Roger Friedman, "Jojo Rabbit Rezension: Hitler "Satire" Misfires with Distasteful, Borderline Anti-Semitic Jumble that Offends the Audience It Wants," Shobiz411 veröffentlicht am 9. September 2019, abgerufen am 5. Januar 2023, www.showbiz411.com/2019/09/09/jojo-rabbit-review-hitler-satire-misfires-with-disasteful-borderline-anti-semitic-jumble-that-offends-the-audience-it-wants.

Richard Brody, "Springtime for Nazis: How the Satire of Jojo Rabbit Backfires," New Yorker veröffentlicht am 22. Oktober 2019, abgerufen am 23. Juni 2023; und Peter Bradshaw, "Jojo Rabbit Review-Taika Waititi's Hitler Comedy is Intensely Unfunny," The Guardian veröffentlicht am 20. Dezember 2019, abgerufen am 23. Juni 2023, www.theguardian.com/film/2019/dec/20/jojo-rabbit-review-taika-waititi-hitler-comedy.

Thomas Turino, Music as Social Life: The Politics of Participation (Chicago, IL: Chicago University Press, 2008).

David Kertzer, Ritual, Politics ,and Power (New Haven, CT: Yale University Press, 1988), 98.

David Lind, "Nazi-Parolen und Gewalt bei einem rechten Aufmarsch in Charlottesville am Freitagabend",  Vox veröffentlicht am 12. August 2012, abgerufen am 1. August 2023 www.vox.com/2017/8/12/16138132/charlottesville-rally-brawl-nazi.

Kenneth Womack und Kit O'Toole, eds. Fandom and the Beatles : the Act You've Known for All These Years / Herausgegeben von Kenneth Womack und Kit O'Toole. New York, NY: Oxford University Press, 2021.

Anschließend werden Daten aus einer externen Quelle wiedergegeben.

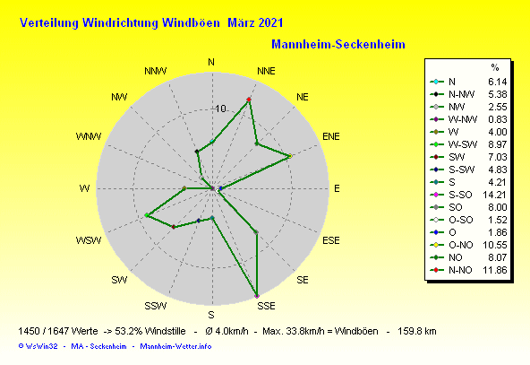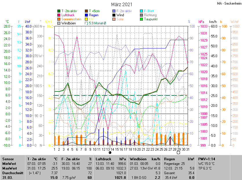 Die Durchschnittstemperatur für den Monat März 2021 lag bei 7.37°C. Die Abweichung vom langjährigen Mittel war +1.47°C.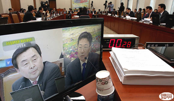 윤상직 산업통상자원부 장관 내정자가 7일, 국회에서 열린 지식경제위원회 인사청문회에서 인사청문위원들의 질의에 답변하는 모습이 위원장 탁자 위의 LCD 수상기에 표시되고 있다.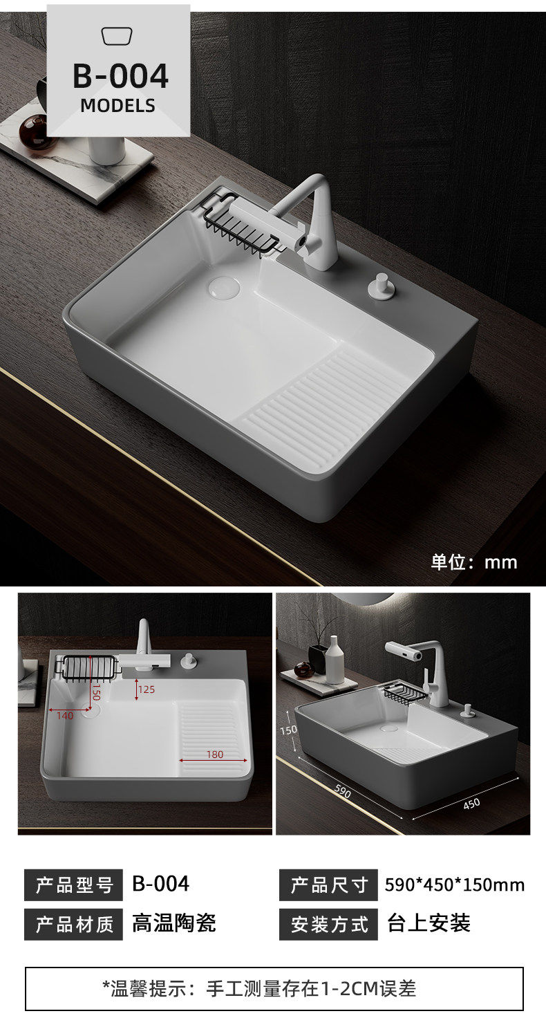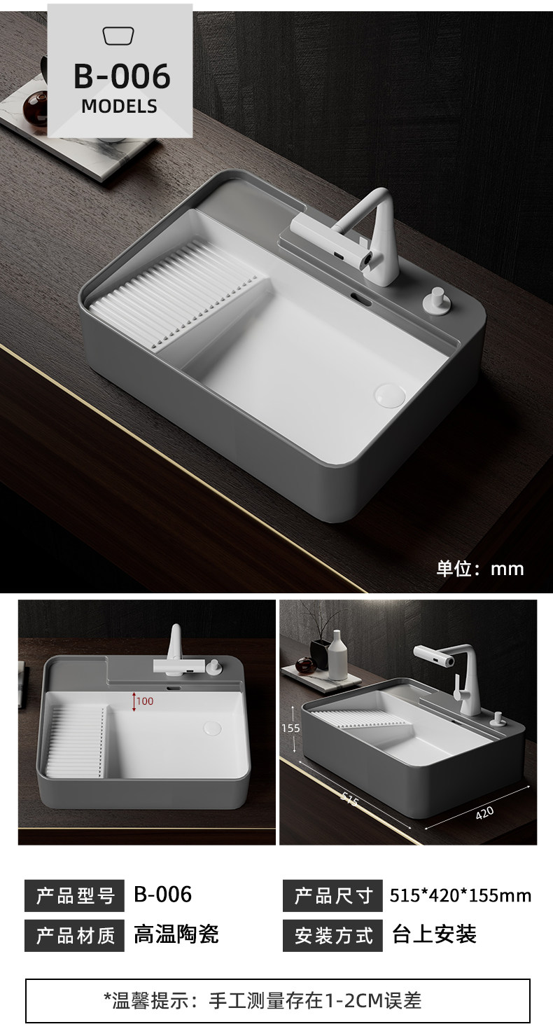 Балконная стиральная машина, умывальник, серый керамический боковой слив с стиральной доской, сливной умывальник слева и справа, одинарный умывальник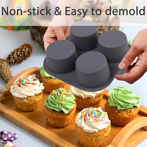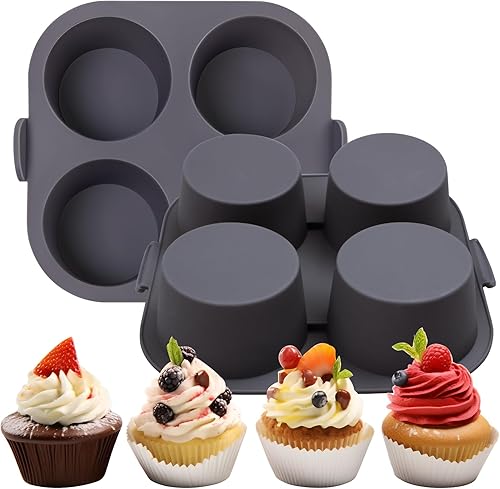 Butabeishy Lot de 2 moules à muffins en silicone pour friteuse à air chaud, anti-adhésif, en silicone, pour desserts, 4 cavités, gris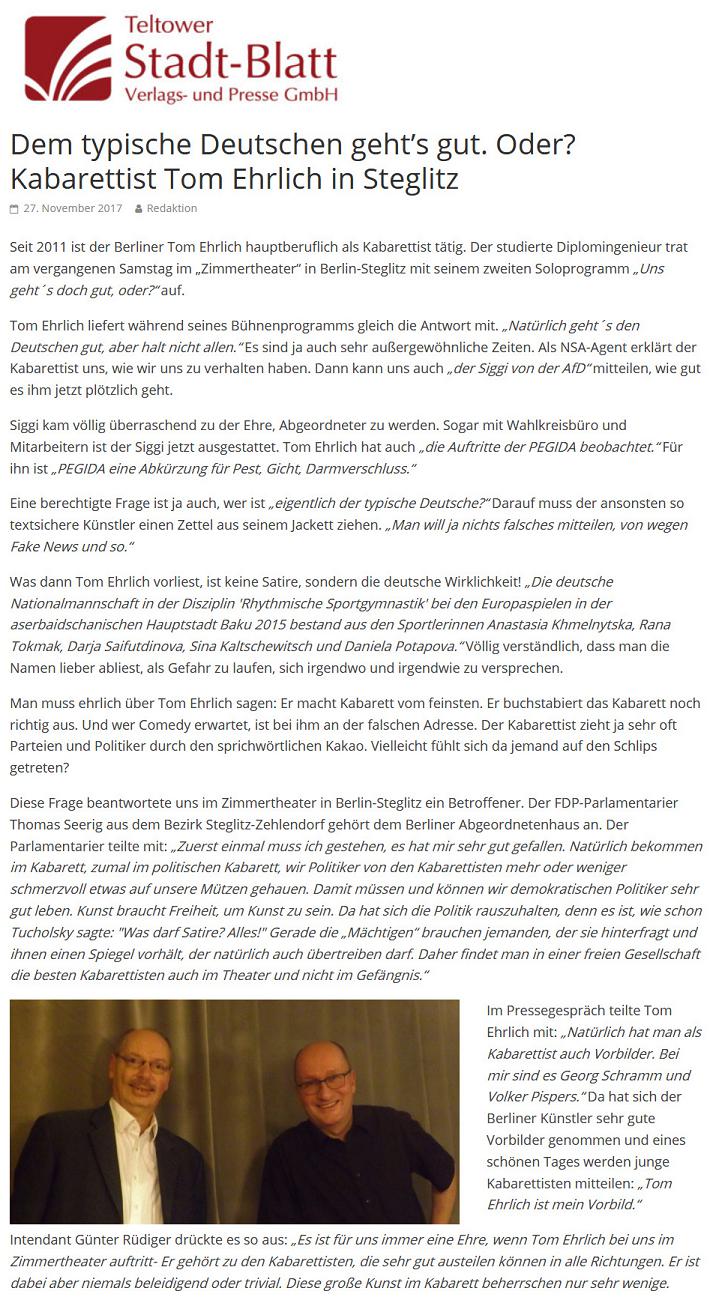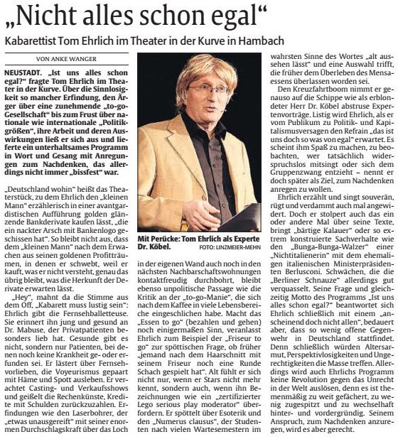 Für den im Bau befindlichen Flughafen konnte Tom Ehrlich sich Sepp Blatter vorstellen ("dann läuft alles wie geschmiert") und Pegida ist für ihn "Pest, Gicht, Darmverschluss". Als Moderator der "Sendung mit der Maus" versuchte er dem "Kleinkinder-Publikum" die Einkommensunterschiede in der Welt, vom Bauarbeiter bis zum Inverstment-Banker zu erklären und erntete dabei viele Lacher.

Perri Nemiroff, "How Taika Waititi Landed Beatles Music for 'Jojo Rabbit'," Collider veröffentlicht am 21. Januar 2020, abgerufen am 10. Dezember 2022, https://collider.com/jojo-rabbit-beatles-music-explained-taika-waititi/.

Anmerkungen

Waititi entwickelte sein Drehbuch aus dem Roman, Caging Skies, von Christine Leunen, der ursprünglich 2008 veröffentlicht wurde. Während viele Details in der Verfilmung beibehalten wurden, fehlt der Aspekt der Satire und Komödie in Leunens Originalroman. Siehe Christine Leunen, Caging Skies (New York, NY: Harry N. Abrams Publishing, 2019).

Der Giftpilz ist ein Kinderbuch, das von Julius Streicher - dem Gründer und Herausgeber der stark antisemitischen Zeitung Der Stürmer - geschrieben wurde und erstmals 1938 in Deutschland erschien. Ästhetisch lehnte sich das Buch an den Kinderbuchstil der deutschen Märchen an und verband kurze, poetische Texte mit Bildern. Auf jeder Seite wurde ein anderes antisemitisches Stereotyp dargestellt, einschließlich des Aussehens, der religiösen Überzeugungen und des moralischen Charakters. Siehe "Page from the Antisemitic Children's Book The Poisonous Mushroom," United States Holocaust Memorial Museum, zugänglich am 23. Juni 2023, perspectives.ushmm.org/item/page-from-the-antisemitic-childrens-book-the-poisonous-mushroom.

Wie Friedmans Begriff des "grenzwertigen" Antisemitismus kann und sollte auch der zeitgenössische Missbrauch von Nazi- und Holocaust-Bildern als eine Form der antisemitischen Ermöglichung verstanden werden, um den Begriff der Historikerin Deborah Lipstadt zu verwenden. Definitionsgemäß sind "antisemitische Ermöglichungen" kulturelle Handlungen, die antisemitischen Hass in den Mainstream befördern. Bei den ersten handelt es sich um Ausdrücke, die nicht ideologisch verwurzelt sind, sondern "einem politischen Zweck dienen". Die zweiten sind in einer Ideologie verwurzelt, die zwar nichts mit den Juden zu tun hat, "aber dennoch Juden mit einbezieht". Siehe Deborah Lipstadt, Antisemitism Here and Now (New York, NY: Schocken Books, 2019), 44.

Jojo Rabbit (2019) directed by Taika Waititi starring Roman Griffin Davis, Thomasin McKenzie, Scarlett Johansson and Sam Rockwell. Comedy based on Christine Leunens Caging Skies novel about the Hitler Youth.